### INSTRUCTIONS TO FOLLOW
The response must be made up of the lines in the entries below that contain "interpretation".
=== Section Start ===
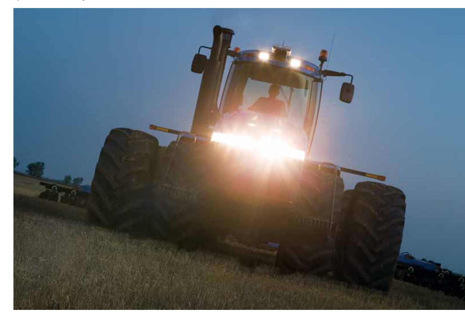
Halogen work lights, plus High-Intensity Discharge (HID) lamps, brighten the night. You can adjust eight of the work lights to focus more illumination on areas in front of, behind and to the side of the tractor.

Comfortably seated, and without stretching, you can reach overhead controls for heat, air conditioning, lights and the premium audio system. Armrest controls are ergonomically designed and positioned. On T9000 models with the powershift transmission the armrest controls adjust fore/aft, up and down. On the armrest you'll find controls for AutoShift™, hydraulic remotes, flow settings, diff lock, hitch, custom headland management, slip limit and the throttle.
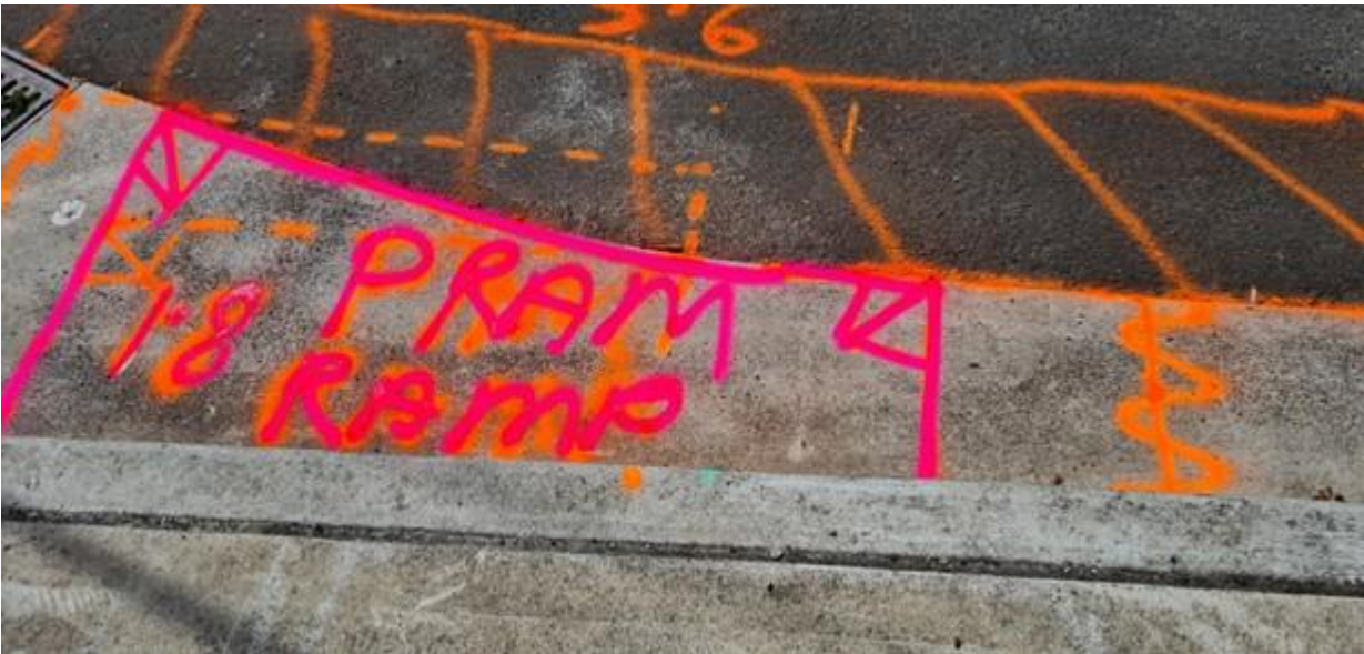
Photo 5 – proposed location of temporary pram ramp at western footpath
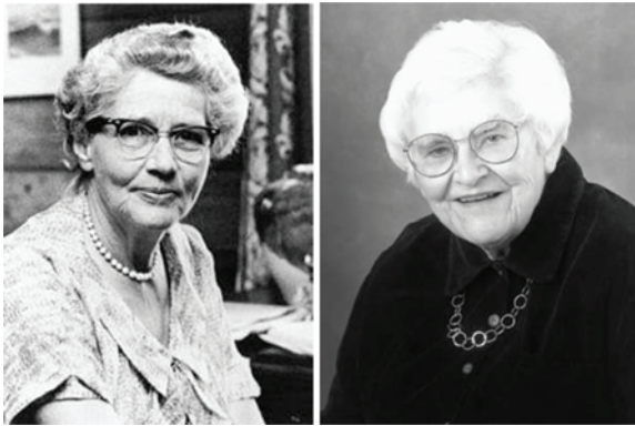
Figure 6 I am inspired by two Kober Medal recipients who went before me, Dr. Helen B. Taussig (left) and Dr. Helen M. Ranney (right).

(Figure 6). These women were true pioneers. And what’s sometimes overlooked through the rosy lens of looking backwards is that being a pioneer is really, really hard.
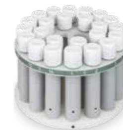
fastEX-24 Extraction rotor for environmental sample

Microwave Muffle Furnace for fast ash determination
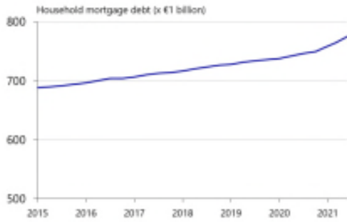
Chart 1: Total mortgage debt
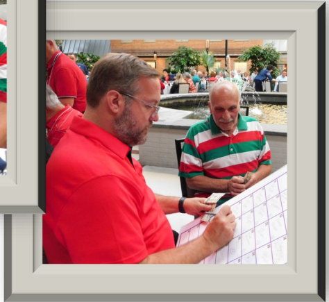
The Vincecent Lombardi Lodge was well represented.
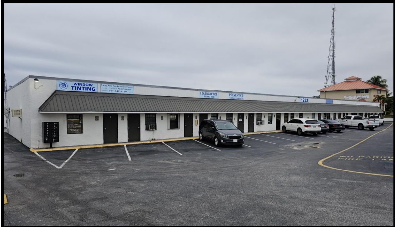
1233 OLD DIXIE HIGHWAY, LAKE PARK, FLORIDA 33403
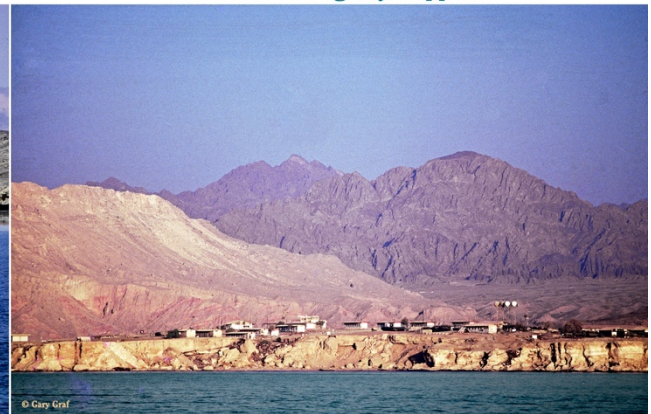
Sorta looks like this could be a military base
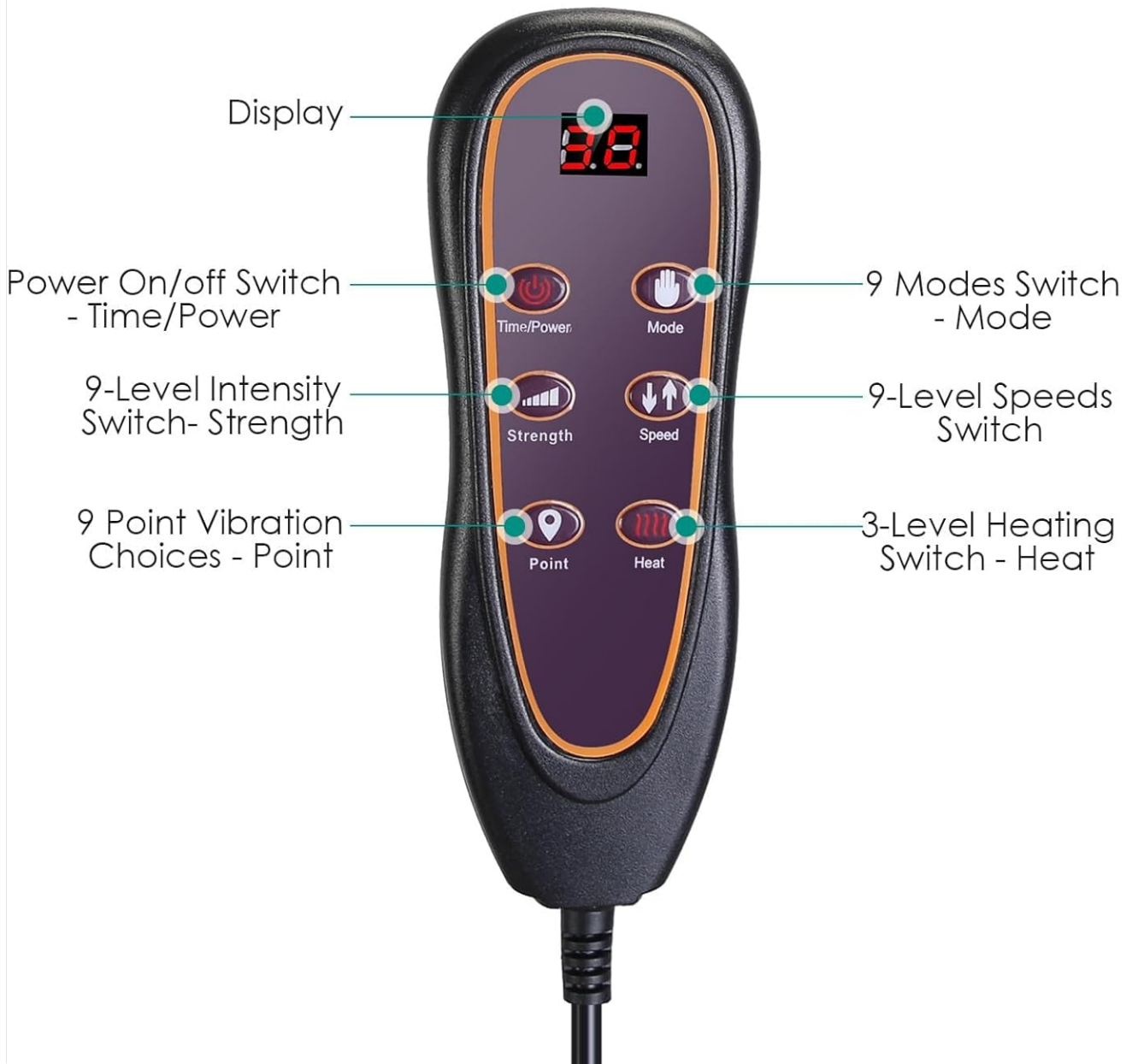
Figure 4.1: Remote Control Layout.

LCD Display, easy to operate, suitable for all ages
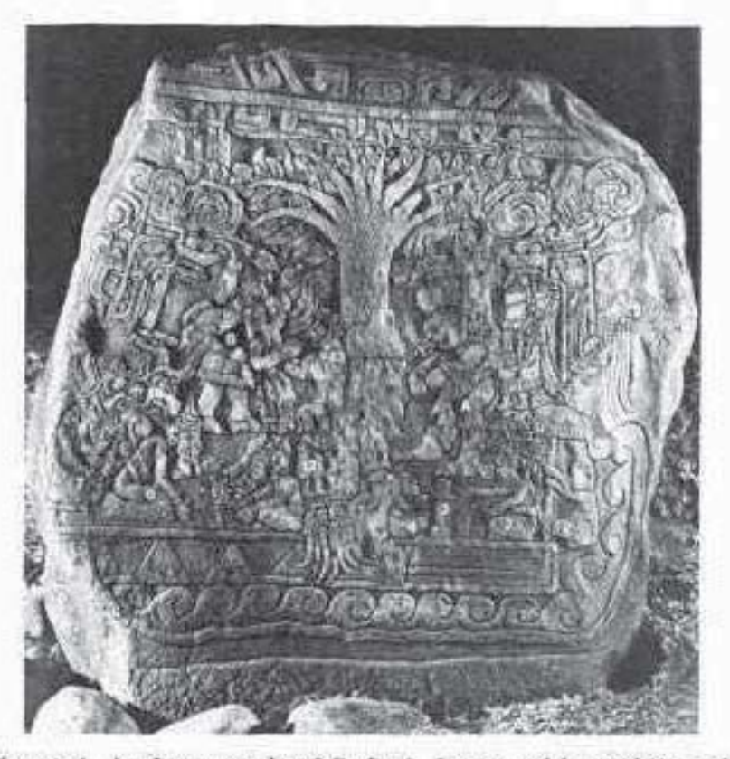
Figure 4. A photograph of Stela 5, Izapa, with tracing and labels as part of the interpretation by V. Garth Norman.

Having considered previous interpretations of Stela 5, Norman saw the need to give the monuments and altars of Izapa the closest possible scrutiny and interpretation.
=== Section End ===
### ANSWER TO THIS EXERCISE
Figure 4. A photograph of Stela 5, Izapa, with tracing and labels as part of the interpretation by V. Garth Norman.
Having considered previous interpretations of Stela 5, Norman saw the need to give the monuments and altars of Izapa the closest possible scrutiny and interpretation.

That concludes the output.